Neste contraste entre sensibilidades mais igualitárias e mais vanguardistas, estão em causa diferentes modos de entender a emancipação. Enquanto uma sensibilidade igualitária se mostra devedora de um entendimento do processo emancipatório enquanto exercício de autonomia, a sensibilidade vanguardista mostra abertura para pensar o lugar da heteronomia nesse mesmo processo, em conformidade com uma visão teleológica do devir histórico, de acordo com a qual a classe (mas poderia também escrever-se a nação) se encontra numa condição de “atraso” de que só poderá libertar-se orientada por um elemento “vindo de fora”.
Do ponto de vista marxista-leninista, que se tornou a forma dominante do marxismo no século XX, este elemento assume preferencialmente a forma do Partido Comunista, mas vale a pena sublinhar que a concepção vanguardista da política está longe de ser um exclusivo da cultura política marxista-leninista ou, sequer, da tradição marxista. É essa concepção que podemos encontrar, ainda que em termos diversos, na reflexão historiográfica de vários liberais e republicanos que discutiram o caso histórico da burguesia e problematizaram o que designaram como o “atraso” português.

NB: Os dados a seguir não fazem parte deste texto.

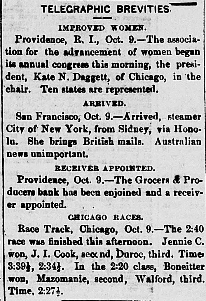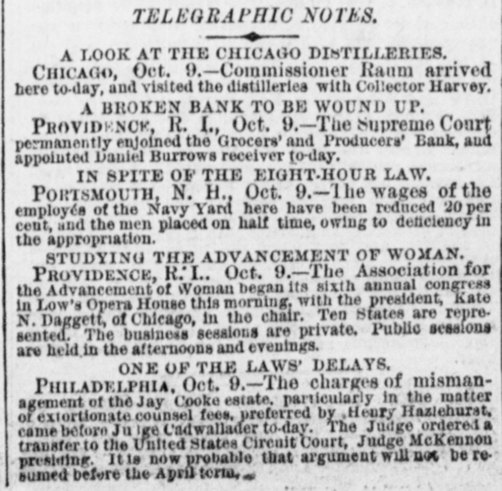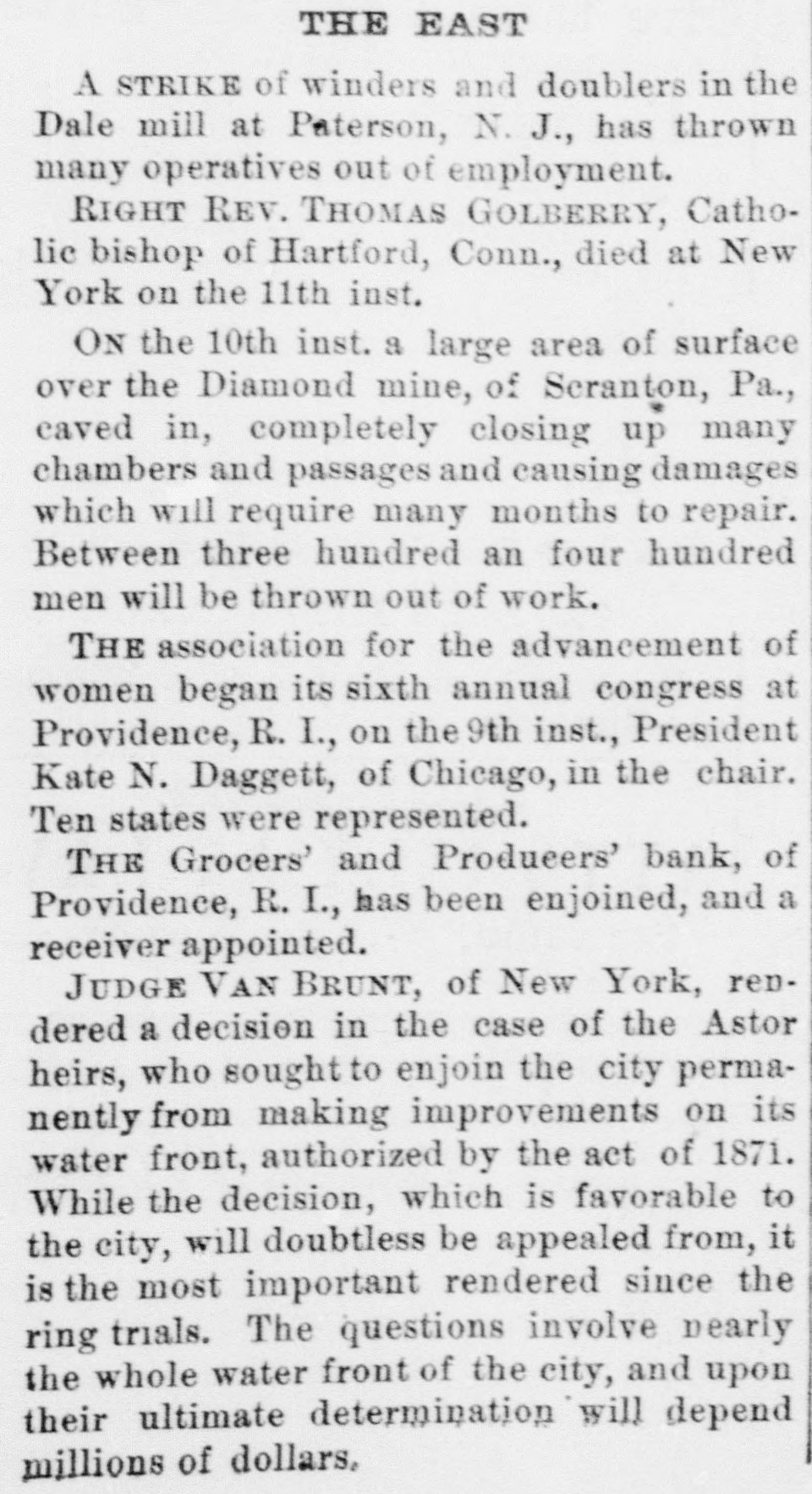 ELK POINT, UNION COUNTY, D. T., WEDNESDAY, OCTOBER 23, 1878. plume. In the bed, so decorate YELLOW FEVER THE schooner Etta A. Stimpson capsized one hundred assignees in bankruptcy, who The bed, the drapery of which have failed for the years, 1873, 1875, 1876, off the New England coast in the great gale son and gold, is now to be sold 1877 and 1878, and for some one year or of the 12th, drowning the captain, his wife, Continuation of the Report of the er things. The oak furnitur and live seamen. more of these years, to make the annual massive, but most of the fitt Dread Disease. report required by section 10 of the amendTHE hoisting works of the Lady Bryan sigus of neglect consequent mining company, at Virginia City, Nevada, atory act relating to proceedings in bank ceased's retirement. Hespent burned on the 13th. Loss $200,000. The ruptcy, approved June 22nd, 1874. MEMPHIS. portion of the last fifteen AT the races at Chicago on the 12th, men in the mine all escaped through an old MEMPHIS, October -The thermomlife in the study of the lawsuits working. Hopeful, to wagon, came under the wire in he was involved, and in the eter dropped to 46° this morning at AT Appleton, Wis., on the 13th, in runa2:16 1/2, beating the best time on record by which he seemed to find o'clock and frost would have formed had seconds. way accident, Miss Schindler and Mrs. is remarked in the neighbork not the wind been blowing. The relief Stark were killed by being thrown from THE Mystic water company discovered did not mind who he went to train sent out on the Charleston railroad carriage. Another lady named Roudemacker that James Lee, formerly proprietor of the or on what subject he fough yesterday morning by the Howard As was quite seriously wounded. bleachery at Somerville, Mass., surrepti was regardless of the amount sociation had not returned at noon to tiously connected establishment with the TWENTY or more prisoners, including spent if he could only beat his day. Jerry Cockrell and his two some of the worst burglars in the county, principal water main, and for 12 years used ist. Atone time and other he sons were prostrated with the fever water to the amount of $12,000. escaped from the Rochester, N. Y., jail on late last night, five miles back over forty solicitors, and he the 12th inst. THE coroner's jury at Boston, Mass, in that in every document his ful of the city. Mother Josepha, in charge AT Evansville, Ind., a mob took the vestigating into the recent disaster on the grandee of Spain and the Sisters of the Good Shepherd Old Colony railroad caused the arrest of jail four negros charged with ravishing various orders should be Home, is reported in a critical condi Conductor Charles E. Hartwell, who be white women, and hung them in the jail extent of the deceased' estate tion; also T. H Force, volunteer physiyard. An old man named Harrison, father shire was 3,000 acres. held for examination on a charge of mancian from Hot Springs, Ark. The How of one of the victims, who shot and killed slaughter. ard Association this morning sent three The Eagle's Optic. THE failure of J. C. Cameron & Co., lumdeputy sheriff, who attempted to arrest hi nurses to Florence and two Decatur, The wonderful mechanism Ala Alexander Kerr, the last of a famson, was cut to pieces by the infuriate ber dealers of New York, Tonwanda and eagle's eye is one of the most ily of six who returned to the mob, and his remains thrown into a privy Tawas City, Mich., has been announced on things in nature. From an excl vault short time ago, thinking the 10th inst. John C. Cameron and Philip clip the subjoined interesting danger had been passed, died A FIRE at Edenburg, Pa. on the 13th, al W. Scribner, made a joint assignment to upon the eye of the King this morning. Among the deaths most completely destroyed the town. Loss Wm Lindsday for the benefit of creditors. When we recollect that an reported since last night are Mrs. E. C. $350,000 or $400,000. Cameronals filed an individual assignment Slater, wife the late Rev. E. C. Slater, ascend more than mile in perpe THE tug Crusader of Oswego, barned and Cameron was the capitalist of several large height, and from that elevation and E. P. Holland, foreman of the Even sank in the middle of the Straits of Mack firms, senior partner of Cameron & Chase, ceive its unsuspecting prey, and ing Ledger and a prominent Odd Fellow inac on the night of the 11th inst. of Rochester, and had upwards of $185,000 on with unerring certainty; The County Court has been called to IN Cincianati a Jewish pastor named invested in the lumber business. owned we some birds scrutinizing, meet Monday and elect a sheriff to fill Jacob L. Levinson, but lately in the cigar 10,000 acres of land in Michigan, two-thirds the vacancy caused by the death of the most microscopic nicety, an ob manufactory business, in the same city, has of which he traded for property in Philaat hand, we shall at once perceiv late Sheriff J. W. Anderson absconded a forger. Amount $20,000. delphia, North Carolina and Kentucky. He the power of accome MEMPHIS, October 9.-It commenced THE house of John Conquest, about two also owned property at Spuyten Duyvel his sight to distance in raining this morning at 9 o'clock; the miles south of Clio, Mich. on the night of and Kingsbridge valued at $60,000. Total eye is unfitted, weather still remains cloudy and the 9th inst. was burned. The charred estate being estimated two years ago at it totally incapable. If threatening A. W. Langstaff, presimains of Conquest, his wife and child were $250,000. dent of the Howard Association, has printed page we shall find that found in the ruins. It is supposed they THE wages of the employes of the Ports some particular distance, proba arranged with the Louisville and Nashwere murdered and the house fired. mouth, N. H., navy yard have been reduced inches, at which we can read t ville railroad for a train to be run under and each letter with perfect PRAIRIE fires in Switt county,

O Marxismo além dos Marxistas
Julgo ter resultado claro que o facto de estarmos perante uma tradição com nome próprio – o marxismo – não significa que estejamos face a uma realidade homogénea. Na verdade, falamos de historiografia marxista em Portugal também na medida em que falamos de uma tradição plural. A esta falta de homogeneidade interna da historiografia marxista em Portugal acresce, ainda, o facto de o marxismo ter estado disponível ao uso de historiadores que não reivindicaram uma simpatia ou identidade marxista. Se nos historiadores marxistas de que até aqui falámos é possível identificar a presença de elementos que eram já presença em investigações historiográficas de inspiração republicana, deve também ser sublinhado que, nas últimas décadas do século XX, a presença do marxismo na historiografia portuguesa se fez sentir além daqueles que mais frequentemente são classificados como marxistas. Os percursos intelectuais de historiadores como Miriam Halpern Pereira e António M. Hespanha não podem ser compreendidos sem atendermos à sua relação, a um tempo cúmplice e crítica, com o marxismo – no caso de Pereira, interpelando o marxismo a partir da tradição dos Annales e da História Social, no caso de Hespanha mobilizando contributos como os de Michel Foucault tendo em vista uma renovação da História do Direito e da História do Estado (Pereira, Livre-câmbio e desenvolvimento económico, 1971; Hespanha, As Vésperas do Leviathan, 1986). O mesmo, embora aqui seja possível falar de uma filiação deliberada do autor no campo do marxismo, pode ser dito a respeito da leitura a que Fernando Rosas submeteu o período do Estado Novo, na qual vemos cruzarem-se os temas do modo de produção e da luta de classes e um entendimento fundamentalmente político – com ressonância jacobina – do papel do Estado enquanto regime (Rosas, O Estado Novo nos anos trinta, 1986).